Extracted data entries
------------------------------

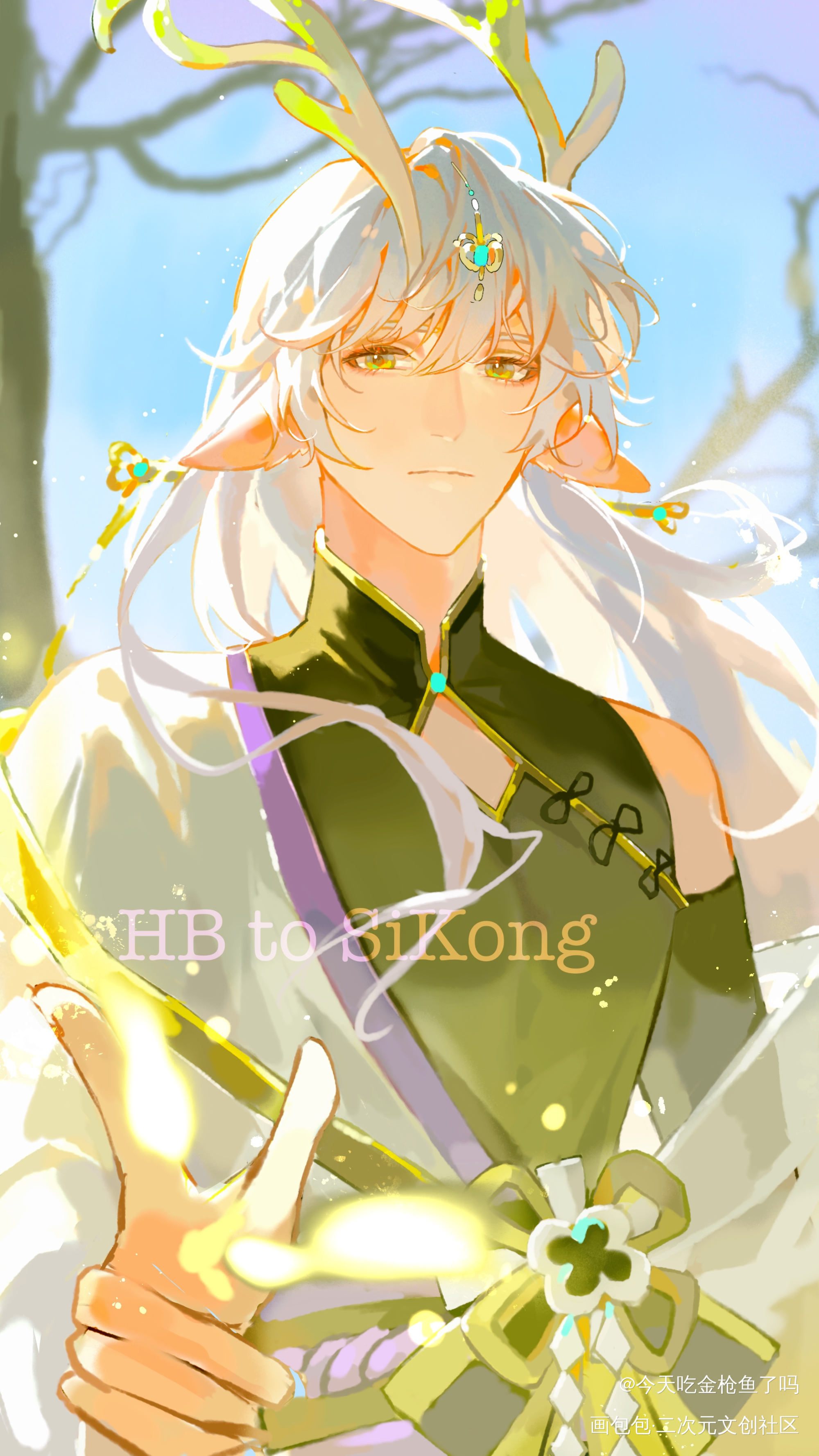 是给亲友的生贺!!!画了她的oc漂亮小鹿!设定是执掌草木生灵的东方神,原型是一头白鹿!
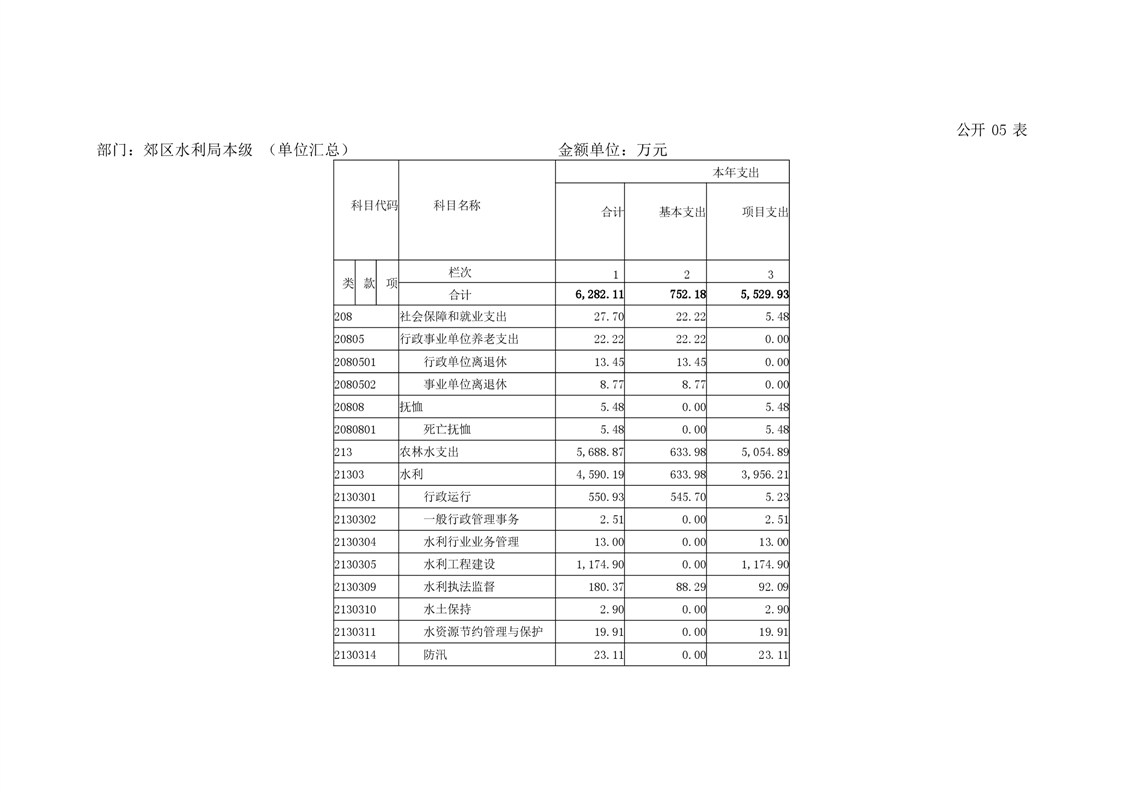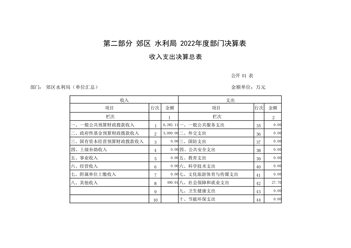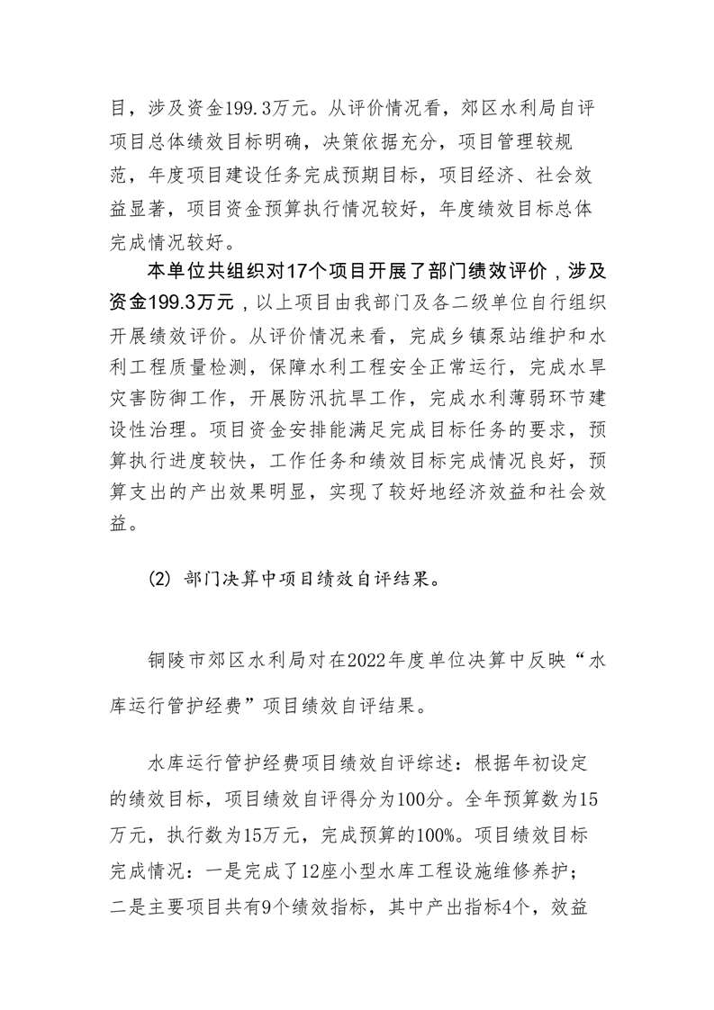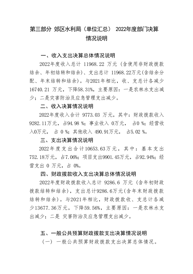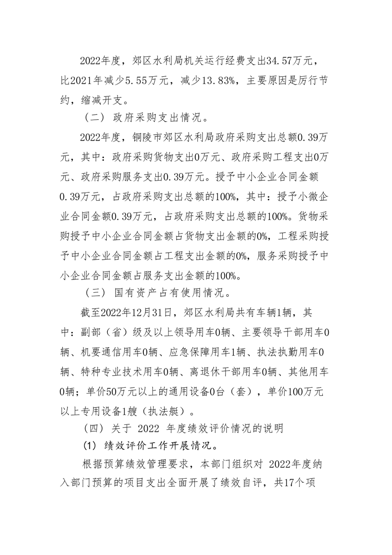铜陵市郊区水利局(单位汇总)2022年度决算公开
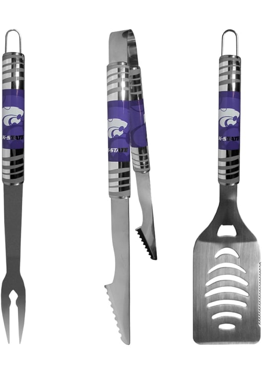 - Grill set includes: spatula with bottle opener and serrated edge, fork and tongs
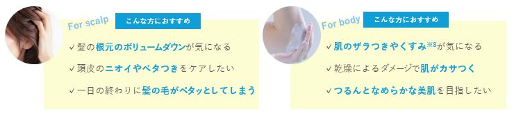 うるおい成分が頭皮と肌の環境を整えることで、ハリ・コシUPをサポート。
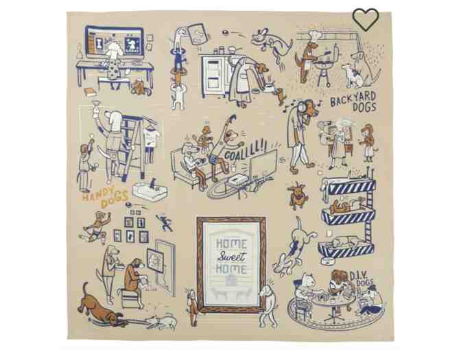 A cotton kitchen towel featuring a "Home Sweet Home" sentiment with all-over dog-themed designs. Machine-washable.
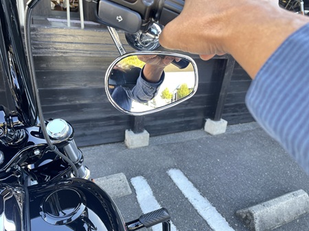 ハンドルカスタムや位置変更により、標準ミラーの見え方が変わってしまった場合は、ショートステムをロングステムミラーに変更等で後部視界を改善することができます。
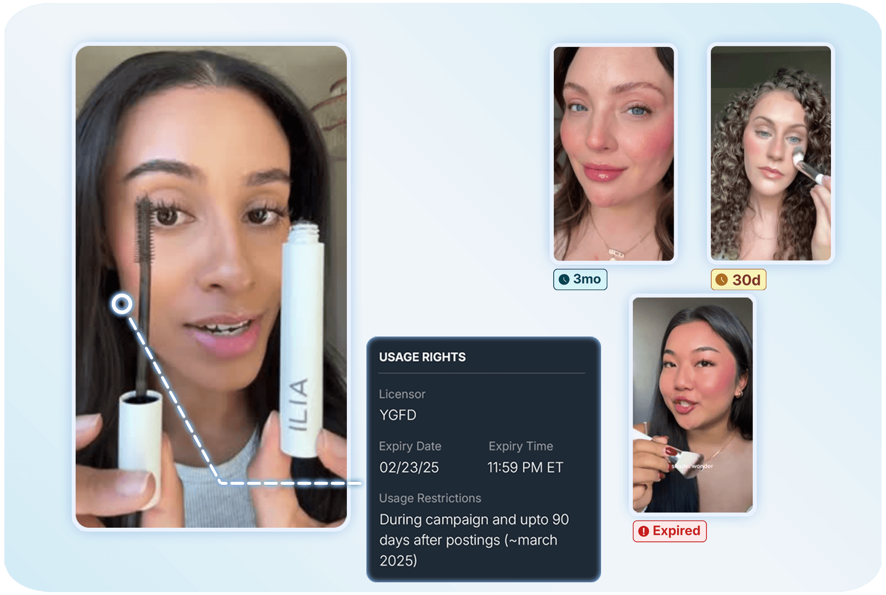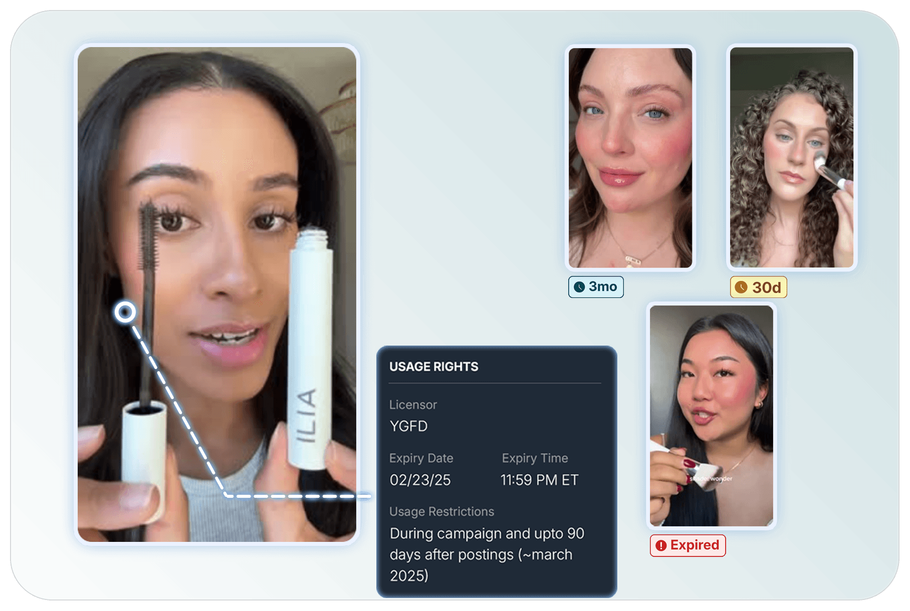 Receive proactive alerts long before a creator's license expires, giving you time to renew contracts or phase out assets without disrupting live campaigns.
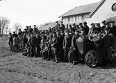 "Traktorer och skötare trimmas för vårbruket", Salsta, Lena, Uppland 1940
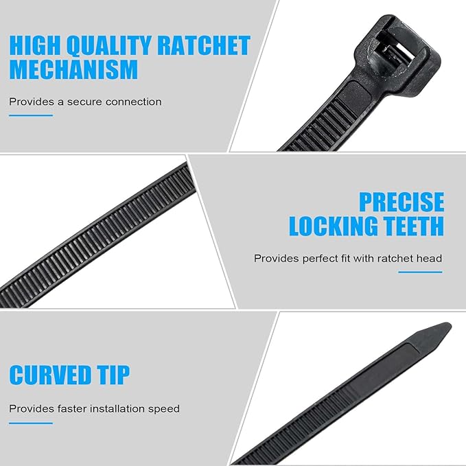 - Exceptional Material Quality: these black zip ties are crafted from nylon 66, they are UV resistant, adding a layer of protection against harsh sunlight, while also offering fire and frost resistance; These attributes make them ideal for challenging weather conditions, be it snowy winters or bright, sunny days, proving to be a practical choice for diverse environments
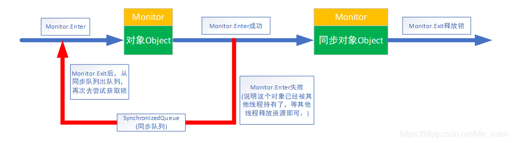 3.此时若是由其他线程要来锁住这个对象,发现这个计数器不是初始值0 ,则阻塞在那,等到持有monitor的线程执行完,释放完所有的锁,计数器为0时,这时候再来尝试获取monitor的所有权。
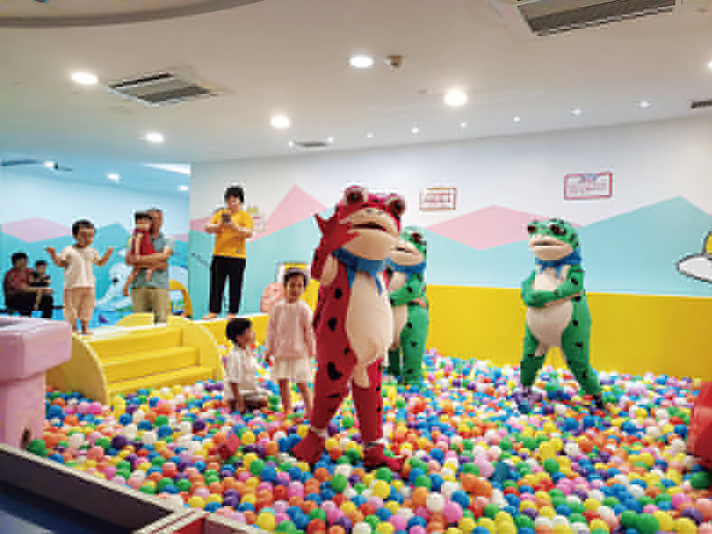 “一翁一蛙一扁擔(dān),兩筐菡萏惹人羨,贈(zèng)君一支映日荷,荷香飄逸半山情”。在《荷塘月色》背景音樂(lè)的氛圍中,身穿漢服的老翁肩挑竹筐,筐里擺放新鮮的荷花,身后跟著一群蹦蹦跳跳可愛(ài)的“小網(wǎng)紅蛙”。他們愉悅地穿梭在酒店的各個(gè)區(qū)域,為客人送上寓意 “吉祥如意、好運(yùn)蓮蓮”的荷花,吸引了眾多客人圍觀并合影留念。此外,網(wǎng)紅蛙們還在酒店大堂邀請(qǐng) “小客人”們一起進(jìn)行才藝表演互動(dòng),如:唱歌跳舞、詩(shī)詞背誦等。在萌寶樂(lè)園中,與小朋友們?cè)凇翱铸埧估恰钡木W(wǎng)紅音樂(lè)中一起手舞足蹈地歡快跳舞,大家玩得不亦樂(lè)乎,現(xiàn)場(chǎng)氛圍十分熱鬧,家長(zhǎng)朋友們紛紛拍照分享朋友圈。此活動(dòng)不僅深受大小朋友們的喜愛(ài),而且還提升了酒店的人氣和影響力。
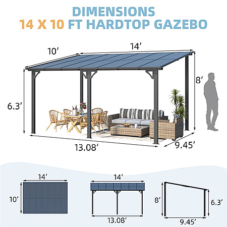 10' x 14' AECOJOY Hardtop Aluminum Gazebo (Grey)
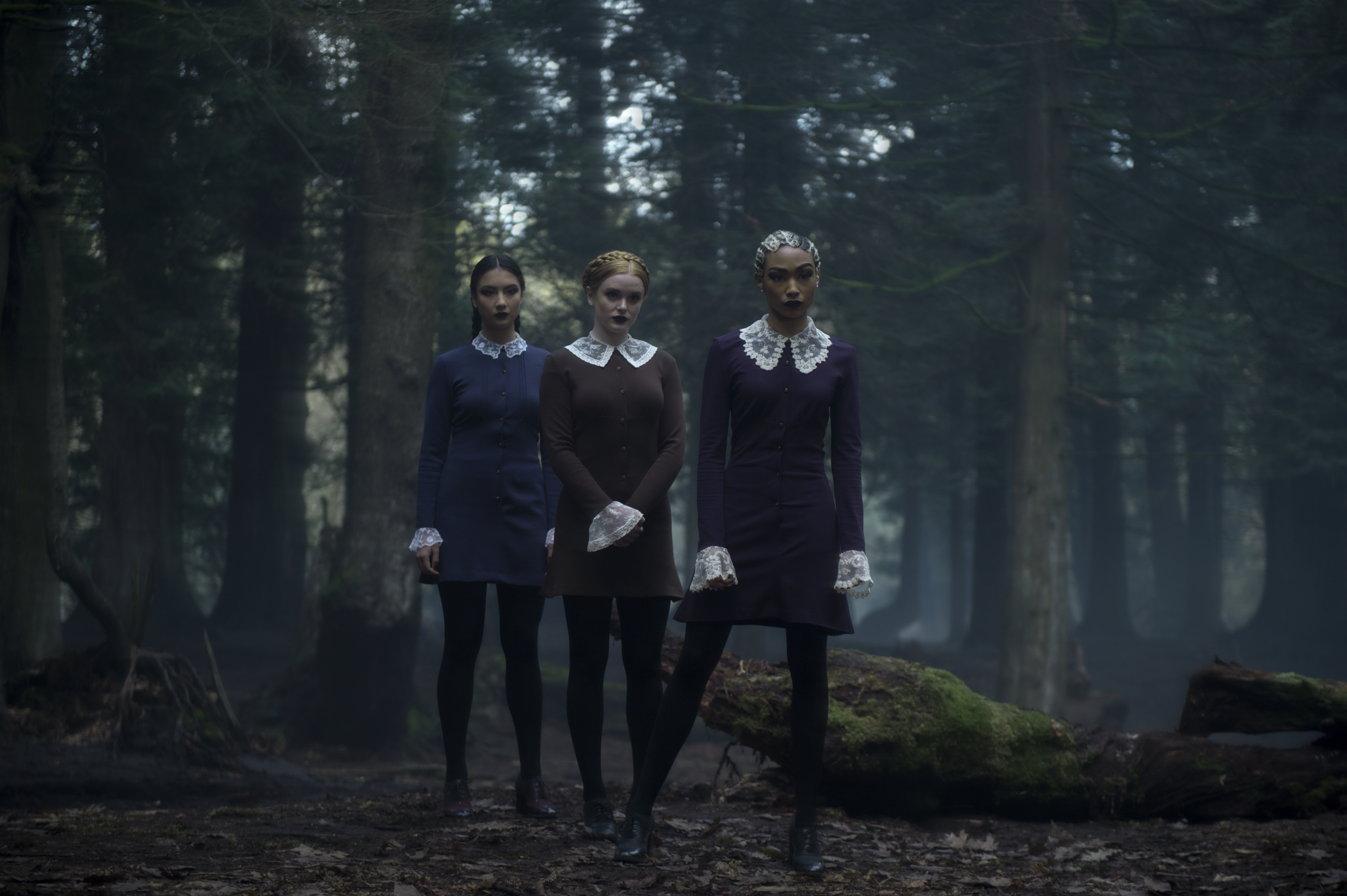 Metade humana, metade bruxa e definitivamente poderosa, Sabrina está apenas começando sua educação sombria como feiticeira, ao mesmo tempo em que tenta manter uma vida normal como aluna do segundo ano do ensino médio na Baxter High. Inteligente, compreensiva e corajosa a ponto de ser imprudente, Sabrina é tudo que está entre nós humanos e as forças do mal que ameaçam o mundo. Na foto, com Lachlan Watson (como Susie Putnam), Jaz Sinclair (como Rosalind Walker) e Ross Lynch (como Harvey Kinkle).

------------------------------

## [Your instructions]
Set down all of the entries exactly as they stand, without any image.

## [Task result]
 是给亲友的生贺!!!画了她的oc漂亮小鹿!设定是执掌草木生灵的东方神,原型是一头白鹿!
铜陵市郊区水利局(单位汇总)2022年度决算公开
 - Grill set includes: spatula with bottle opener and serrated edge, fork and tongs
 うるおい成分が頭皮と肌の環境を整えることで、ハリ・コシUPをサポート。
 A cotton kitchen towel featuring a "Home Sweet Home" sentiment with all-over dog-themed designs. Machine-washable.
 ハンドルカスタムや位置変更により、標準ミラーの見え方が変わってしまった場合は、ショートステムをロングステムミラーに変更等で後部視界を改善することができます。
 Receive proactive alerts long before a creator's license expires, giving you time to renew contracts or phase out assets without disrupting live campaigns.
 "Traktorer och skötare trimmas för vårbruket", Salsta, Lena, Uppland 1940
 - Exceptional Material Quality: these black zip ties are crafted from nylon 66, they are UV resistant, adding a layer of protection against harsh sunlight, while also offering fire and frost resistance; These attributes make them ideal for challenging weather conditions, be it snowy winters or bright, sunny days, proving to be a practical choice for diverse environments
 3.此时若是由其他线程要来锁住这个对象,发现这个计数器不是初始值0 ,则阻塞在那,等到持有monitor的线程执行完,释放完所有的锁,计数器为0时,这时候再来尝试获取monitor的所有权。
 “一翁一蛙一扁擔(dān),兩筐菡萏惹人羨,贈(zèng)君一支映日荷,荷香飄逸半山情”。在《荷塘月色》背景音樂(lè)的氛圍中,身穿漢服的老翁肩挑竹筐,筐里擺放新鮮的荷花,身后跟著一群蹦蹦跳跳可愛(ài)的“小網(wǎng)紅蛙”。他們愉悅地穿梭在酒店的各個(gè)區(qū)域,為客人送上寓意 “吉祥如意、好運(yùn)蓮蓮”的荷花,吸引了眾多客人圍觀并合影留念。此外,網(wǎng)紅蛙們還在酒店大堂邀請(qǐng) “小客人”們一起進(jìn)行才藝表演互動(dòng),如:唱歌跳舞、詩(shī)詞背誦等。在萌寶樂(lè)園中,與小朋友們?cè)凇翱铸埧估恰钡木W(wǎng)紅音樂(lè)中一起手舞足蹈地歡快跳舞,大家玩得不亦樂(lè)乎,現(xiàn)場(chǎng)氛圍十分熱鬧,家長(zhǎng)朋友們紛紛拍照分享朋友圈。此活動(dòng)不僅深受大小朋友們的喜愛(ài),而且還提升了酒店的人氣和影響力。
 10' x 14' AECOJOY Hardtop Aluminum Gazebo (Grey)
 Metade humana, metade bruxa e definitivamente poderosa, Sabrina está apenas começando sua educação sombria como feiticeira, ao mesmo tempo em que tenta manter uma vida normal como aluna do segundo ano do ensino médio na Baxter High. Inteligente, compreensiva e corajosa a ponto de ser imprudente, Sabrina é tudo que está entre nós humanos e as forças do mal que ameaçam o mundo. Na foto, com Lachlan Watson (como Susie Putnam), Jaz Sinclair (como Rosalind Walker) e Ross Lynch (como Harvey Kinkle).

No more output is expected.